К моим дружеским уговорам он прислушиваться не желал. На все у него имелись свои резоны. Четвертые сутки он не спал, чтобы не дать себя застигнуть врасплох, и по ночам лежал на диване в состоянии боевой готовности, в пиджаке и в брюках, теперь уже изрядно помятых, в ботинках, туго зашнурованных, и таращился в темноту.
Перед ним от напряженного всматривания возникали круги и пятна разного колера. Они представлялись ему глазами: без носов, без ушей – только одни глаза. Буркалы, зенки, гляделки, лупетки – карие, серые, голубоглазые – летали по комнате, хлопая ресницами, и пристраивались у него на груди для отдыха. Когда он приподымался, они вспархивали и парили над его головой, изредка помаргивая широко раскрытыми крыльями.
Утро не приносило спокойствия: ему казалось, что на свету он еще заметнее. Мне же, право, было без разницы – что день, что ночь. Никакие ширмы, затемнения не могли избавить меня от него…
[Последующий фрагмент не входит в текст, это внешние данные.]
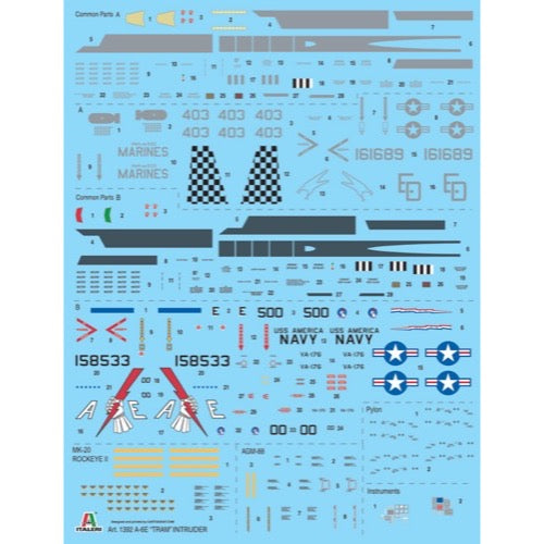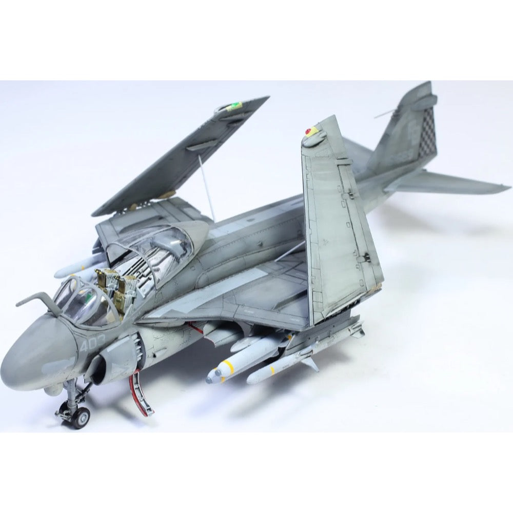 The A-6 Intruder entered service in the mid-60s as ground attack carrier based aircraft to replace the outdated planes as the propeller-driven A-1 Skyraider and the A-3 Skywarrior. The Grumman Corporation developed and designed the A-6A, based on U.S. Navy specifications, a twin jet-engine all-weather medium attack aircraft able to operate from the American aircraft carriers. The so called “Intruder” was characterized by a sturdy and robust fuselage and for the two seats side by side cabin configuration for the pilot and the weapons officer. The A-6E was the definitive attack version of the "Intruder" improved in avionics and attack systems, in particular in the version named TRAM, from the acronym of the laser target designation system, that allowed to be more effective to perform “all weather” missions and to be more lethal in detection and suppression of enemy targets. Thanks to its hardpoints under the wing the A-6E Intruder was able to load an impressive offensive armament as conventional bombs, Paveway laserg-guided bombs, Harpoon anti-ship missiles, HARM anti-radar missiles. It actively participated either from ground bases or from the carriers of the U.S. Navy, to Desert Storm campaign combat missions.
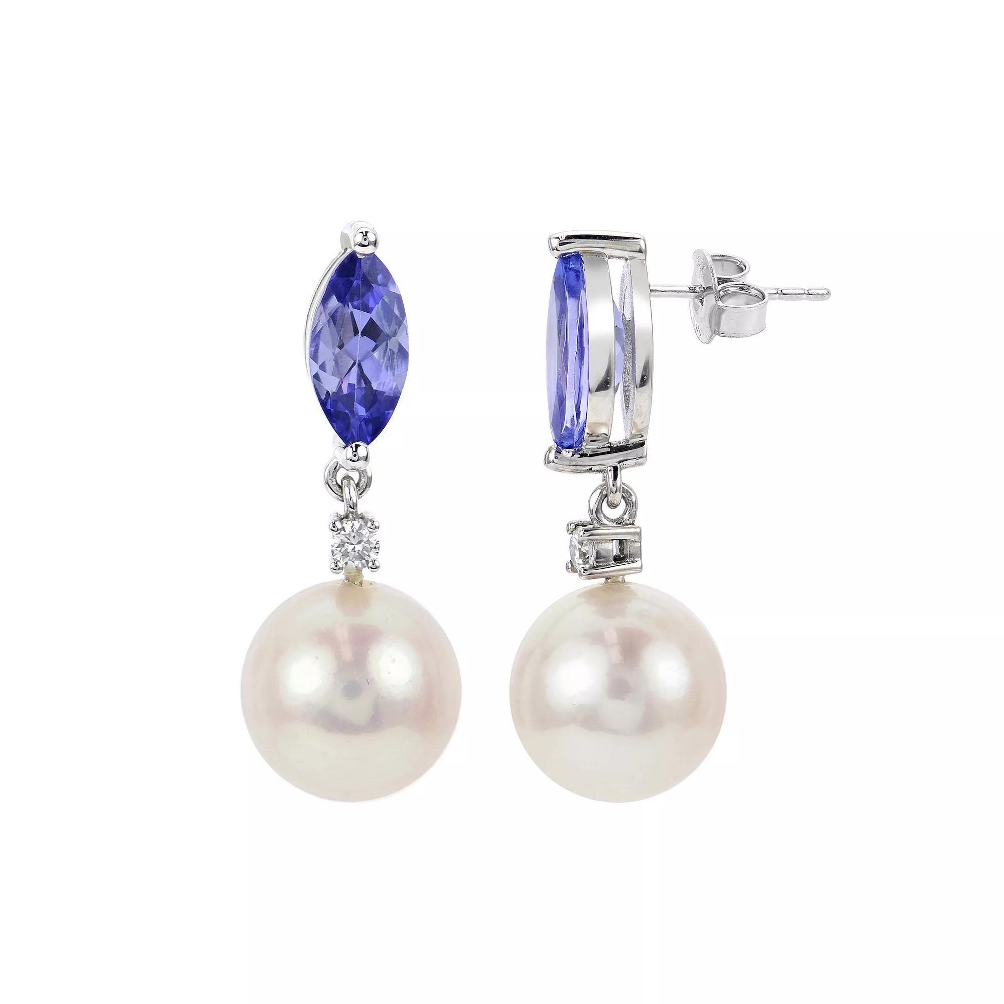 Designed with lustrous freshwater cultured pearls and dazzling gemstones, these PearLustre by Imperial earrings elevate your style. Designed with lustrous freshwater cultured pearls and dazzling gemstones, these PearLustre by Imperial earrings elevate your style. Metal: 14k white gold Backings: post Packaging: boxed Plating: rhodium Finish: polished Length: 0.9 in.STONE DETAILS Stone type: tanzanite Total weight: 1 ct. Center stone weight: 1/2 ct. Center stone size: 8 mm x 4 mm Shape: marquise Setting: prongDIAMOND DETAILS Total weight: less than 1/10 ct. Shape: round Setting: prongCULTURED PEARL DETAILS Type: freshwater Size: 9 mm - 9.5 mm Shape: round Color: white Diamond weights are approximate. Diamond Total Weights may vary between .01 and .13 ct. Some diamonds consist of fewer than 17 facets. Gemstones may have been treated to enhance their appearance. Special care may be required. Please visit our Gemstone Treatment & Special Care Guide for more information. Image(s) may be enlarged to show detail. Please note, due to the high value of this item, a signature may be required upon delivery. Gender: female. Age Group: adult.
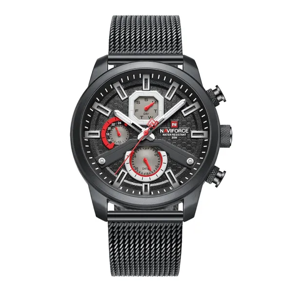 The NaviForce NF9211 Chronograph Men's Watch is a stylish and functional timepiece made for men who want both fashion and performance in one package. This watch stands out because of its stainless steel body that not only look premium but also give long-lasting durability for daily wear. The design is bold yet elegant, perfect for casual use, office wear, or even special events where you want to look smart. Its chronograph function add extra practicality for those who like to measure time in detail, while the luminous markers and hands make it easy to read even in low light or at night. The watch is designed with attention to detail, from the polished finish on the bezel to the comfortable strap that fits well on wrist. It bring a mix of modern look and traditional watch style, making it suitable for young professionals as well as mature men. The overall build quality feel solid, and the glass cover protect the dial from scratches. If you looking for a watch that not only show time but also show your personality, the NaviForce NF9211 is a perfect choice. It combine reliability, strong build, and stylish design in one complete package, making it a watch you can proudly wear anywhere.
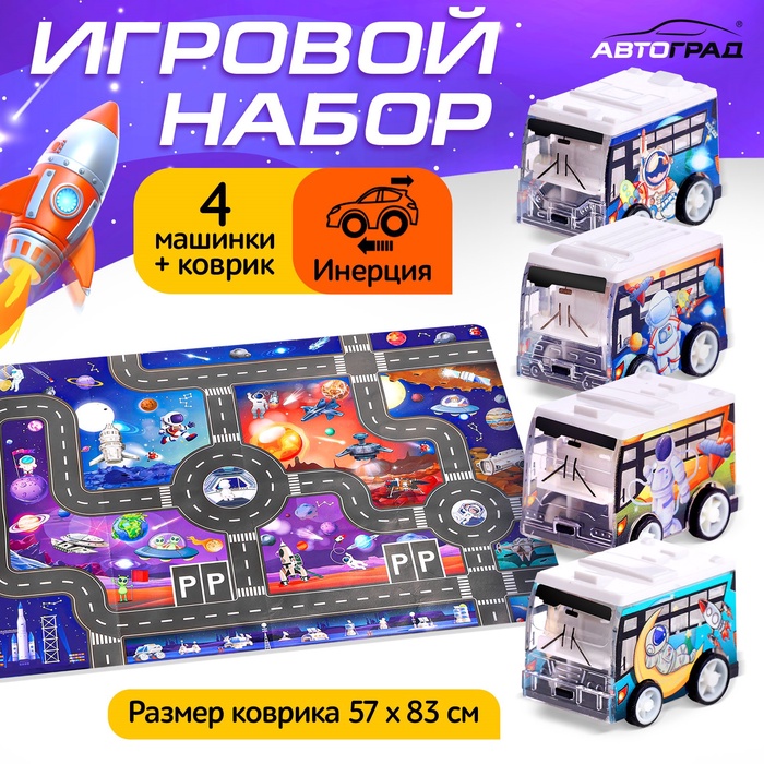Набор инерционных машин «Город», 8 машинок, коврик и дорожные знаки
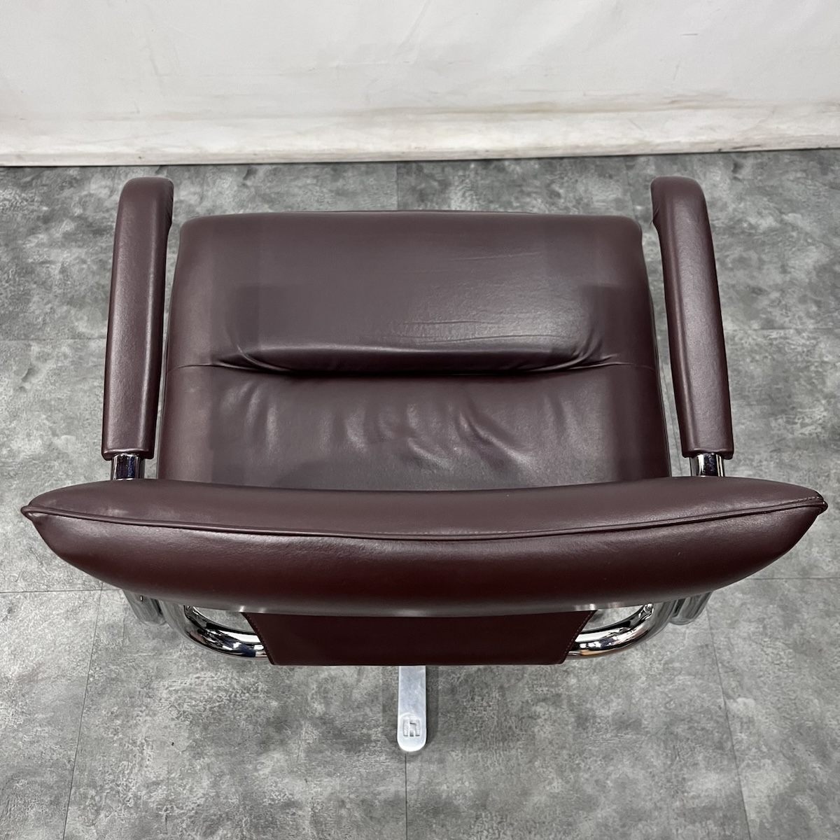 アームと座面・背面は同色の張り地で統一し、マニッシュなイメージに仕上げました。長く愛される名品です。
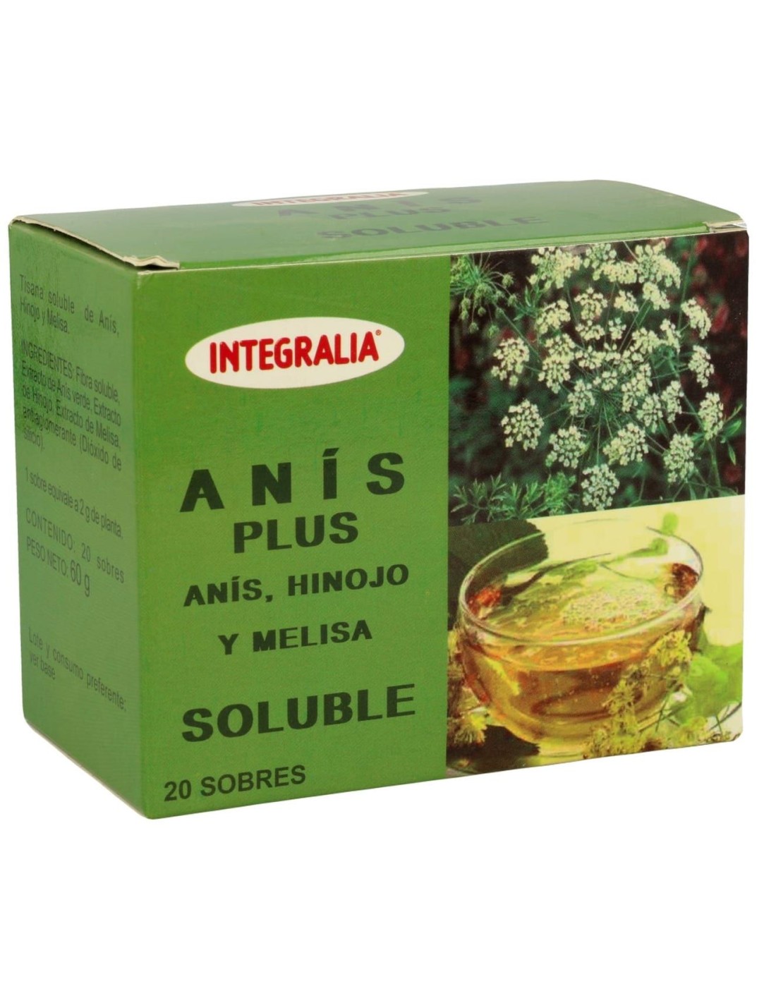 Infusión o tisana soluble muy fácil de preparar, la cual contiene extractos de anís, hinojo y melisa. Desarrollado por Integralia para aportar los beneficios de dichas plantas de forma rica y saludable. Es un producto completamente natural, ya que no contiene saborizantes artificiales ni químicos. Es un complemento alimenticio que se puede beber en cualquier momento del día, ya sea frío o caliente. Aporta las propiedades de sus ingredientes en un formato fácil de digerir y asimilar. Se recomienda su uso para cuando se sufre de problemas estomacales, de gases o del aparato digestivo. No se aconseja superar la dosis diaria recomendada de 1 a 3 sobres al día. No es un sustituto de una comida o dieta saludable y equilibrada. Mantener lejos del alcance de los niños y de ambientes húmedos o calurosos.

Особенное неудобство он испытывал в клозете. Понуждаемый своей природой, которую он недолюбливал и смущался выставлять напоказ, он прикрывался газеткой, гримасничал, насвисты-вал арии или, желая меня заинтриговать, напускал на себя вдруг большую задумчивость – и все это с одной целью: переключить мое внимание в район своего лица и там на некоторое время удержать. Как будто меня интересовали эти его глупости!..
От нервозных мыслей, что я все вижу, моча у него не текла и мышца прямой кишки тоже не сокращалась. Мне было совестно за него, и при виде этих мучений я мучился вместе с ним из-за его бестактности.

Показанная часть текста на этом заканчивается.